*DATA SHOWN*:
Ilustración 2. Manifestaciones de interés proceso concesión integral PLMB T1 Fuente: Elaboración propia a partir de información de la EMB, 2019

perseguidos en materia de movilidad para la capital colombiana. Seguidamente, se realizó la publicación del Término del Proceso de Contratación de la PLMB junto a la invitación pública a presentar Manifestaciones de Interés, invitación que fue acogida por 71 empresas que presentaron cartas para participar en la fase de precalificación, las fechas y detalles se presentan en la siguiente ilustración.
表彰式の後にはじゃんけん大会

==

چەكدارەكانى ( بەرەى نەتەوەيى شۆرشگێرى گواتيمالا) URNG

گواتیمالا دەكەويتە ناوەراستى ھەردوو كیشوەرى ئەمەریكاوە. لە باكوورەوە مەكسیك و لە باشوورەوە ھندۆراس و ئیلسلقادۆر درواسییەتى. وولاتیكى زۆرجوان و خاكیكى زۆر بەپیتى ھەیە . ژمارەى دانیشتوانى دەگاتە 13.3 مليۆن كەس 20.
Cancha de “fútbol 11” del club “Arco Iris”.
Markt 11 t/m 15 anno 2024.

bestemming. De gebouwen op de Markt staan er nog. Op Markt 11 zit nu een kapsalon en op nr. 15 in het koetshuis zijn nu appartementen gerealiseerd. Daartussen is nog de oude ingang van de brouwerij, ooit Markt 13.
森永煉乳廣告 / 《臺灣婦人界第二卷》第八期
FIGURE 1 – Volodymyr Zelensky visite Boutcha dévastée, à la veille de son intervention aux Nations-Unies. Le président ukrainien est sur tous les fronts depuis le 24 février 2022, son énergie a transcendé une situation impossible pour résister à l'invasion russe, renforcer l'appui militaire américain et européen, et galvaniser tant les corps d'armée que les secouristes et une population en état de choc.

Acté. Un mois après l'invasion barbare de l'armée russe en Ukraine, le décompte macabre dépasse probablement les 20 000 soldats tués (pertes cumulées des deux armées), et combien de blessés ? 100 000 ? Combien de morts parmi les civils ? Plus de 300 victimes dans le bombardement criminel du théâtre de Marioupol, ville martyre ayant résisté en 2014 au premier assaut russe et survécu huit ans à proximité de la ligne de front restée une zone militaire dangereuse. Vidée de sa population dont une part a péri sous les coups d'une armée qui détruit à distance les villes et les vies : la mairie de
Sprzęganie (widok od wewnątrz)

...

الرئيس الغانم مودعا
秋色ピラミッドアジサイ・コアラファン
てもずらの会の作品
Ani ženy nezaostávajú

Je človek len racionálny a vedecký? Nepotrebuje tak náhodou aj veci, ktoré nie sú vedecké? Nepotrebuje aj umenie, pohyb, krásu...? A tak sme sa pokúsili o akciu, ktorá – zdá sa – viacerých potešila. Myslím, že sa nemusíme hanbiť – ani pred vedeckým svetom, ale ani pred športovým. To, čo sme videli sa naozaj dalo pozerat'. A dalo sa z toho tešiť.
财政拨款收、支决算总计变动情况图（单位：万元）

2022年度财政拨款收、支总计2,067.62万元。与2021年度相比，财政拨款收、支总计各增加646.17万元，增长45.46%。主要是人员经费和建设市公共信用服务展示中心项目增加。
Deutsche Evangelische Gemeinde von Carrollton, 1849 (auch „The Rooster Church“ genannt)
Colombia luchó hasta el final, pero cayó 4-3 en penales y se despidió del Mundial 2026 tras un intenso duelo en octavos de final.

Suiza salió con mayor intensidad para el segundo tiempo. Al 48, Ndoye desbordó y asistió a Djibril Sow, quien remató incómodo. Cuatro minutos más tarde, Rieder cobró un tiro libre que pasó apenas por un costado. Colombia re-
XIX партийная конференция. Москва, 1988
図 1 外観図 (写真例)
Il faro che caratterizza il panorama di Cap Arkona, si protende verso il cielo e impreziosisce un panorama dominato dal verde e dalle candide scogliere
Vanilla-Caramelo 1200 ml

*EXERCISE AIM*:
In the records above, find the lines containing "财政拨款收" and copy them.

*ANSWER TO THE EXERCISE*:
财政拨款收、支决算总计变动情况图（单位：万元）
2022年度财政拨款收、支总计2,067.62万元。与2021年度相比，财政拨款收、支总计各增加646.17万元，增长45.46%。主要是人员经费和建设市公共信用服务展示中心项目增加。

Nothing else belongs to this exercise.